Getty Images | Chesnot

Forty-one state attorneys general penned a letter to Meta’s top attorney on Wednesday saying complaints are skyrocketing across the United States about Facebook and Instagram user accounts being stolen and declaring “immediate action” necessary to mitigate the rolling threat.

The coalition of top law enforcement officials, spearheaded by New York Attorney General Letitia James, says the “dramatic and persistent spike” in complaints concerning account takeovers amounts to a “substantial drain” on governmental resources, as many stolen accounts are also tied to financial crimes—some of which allegedly profits Meta directly.

“We have received a number of complaints of threat actors fraudulently charging thousands of dollars to stored credit cards,” says the letter addressed to Meta’s chief legal officer, Jennifer Newstead. “Furthermore, we have received reports of threat actors buying advertisements to run on Meta.”

“We refuse to operate as the customer service representatives of your company,” the officials add. “Proper investment in response and mitigation is mandatory.”

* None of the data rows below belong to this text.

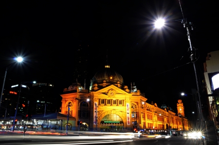 Melbourne Australia - September 12, 2015: Flinders street train station night view in Melbourne.
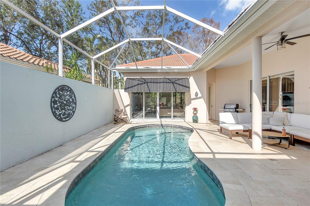 Welcome to the gated, picturesque golf community of rosedale! this beautifully updated home boasts a modern kitchen, an abundance of natural light, and soaring ceilings that create a spacious, inviting atmosphere. as you enter, you'll be greeted by a grand entrance leading to your secluded retreat, complete with a serene courtyard and sparkling heated pool – perfect for relaxation and entertaining. the unique separate bungalow serves as a private third bedroom, art studio offering versatility and privacy. recent updates include a new tile roof (2022), a/c (2020), and hot water heater (2020), ensuring peace of mind for years to come. the home also features a two-car garage with additional parking for your golf cart. ideally located for easy access to i-75, and all the amenities offered by lakewood ranch and university town center. membership of the golf and country club is optional and there are various levels of membership. the recently renovated club offers fitness, tennis, golf, dining and countless social activities!8717 54TH E, BRADENTON, FL 34211
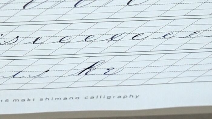 呼吸をすることも意識しながら「紙の傾斜の線と並行になるように書くと傾きが確認できる」と島野先生からポイント教えてもらい「k」を書き進めていきます。
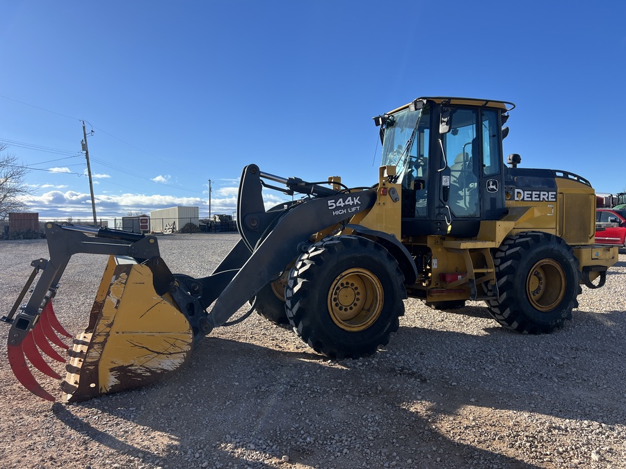 2016 Deere 544K High-Lift wheel loader, 13,825 hours, HD 5-tine grapple, joystick, factory 3rd function, Hi-Vis Deere hydraulic quick attach, A/C, heat, rear diff lock, ride control, new traction rubber all around, good machine checks out sound.
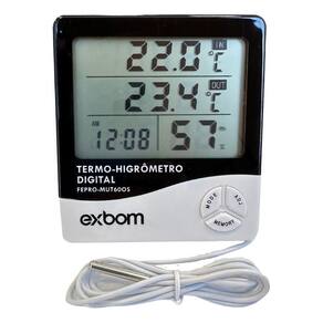 Escala de medição interna: -10ºC até 50ºC -14ºF até 122ºF Escala de medição externa: -50 a 70C -58ºF até 158ºF Precisão de medida: +- 1ºC 1,8ºF Resolução de temperatura: +- 0,1ºC 0,2ºF Faixa de medição de umidade: 20% até 99% RH Precisão de umidade: +- 5% RH Resolução de umidade: 1% Unidade de temperatura em ºC e ºF Memória de temperatura máxima, mínima e umidade Relógio, despertador e data Aviso de horas Alimentação: 1 Pliha AAA 1,5v inclusa Dimensões aproximadas do produto: 98 x 106 x 23 mm LxAxP Comprimento do sensor: 1,5 m

In addition to New York, the letter is signed by attorneys general from Alabama, Alaska, Arizona, California, Colorado, Connecticut, Delaware, Florida, Georgia, Hawaii, Illinois, Iowa, Kentucky, Louisiana, Maryland, Massachusetts, Michigan, Minnesota, Nebraska, Nevada, New Hampshire, New Jersey, New Mexico, North Carolina, Ohio, Oklahoma, Oregon, Pennsylvania, Rhode Island, South Carolina, South Dakota, Tennessee, Utah, Vermont, Virginia, Washington, West Virginia, Wisconsin, Wyoming, and the District of Columbia.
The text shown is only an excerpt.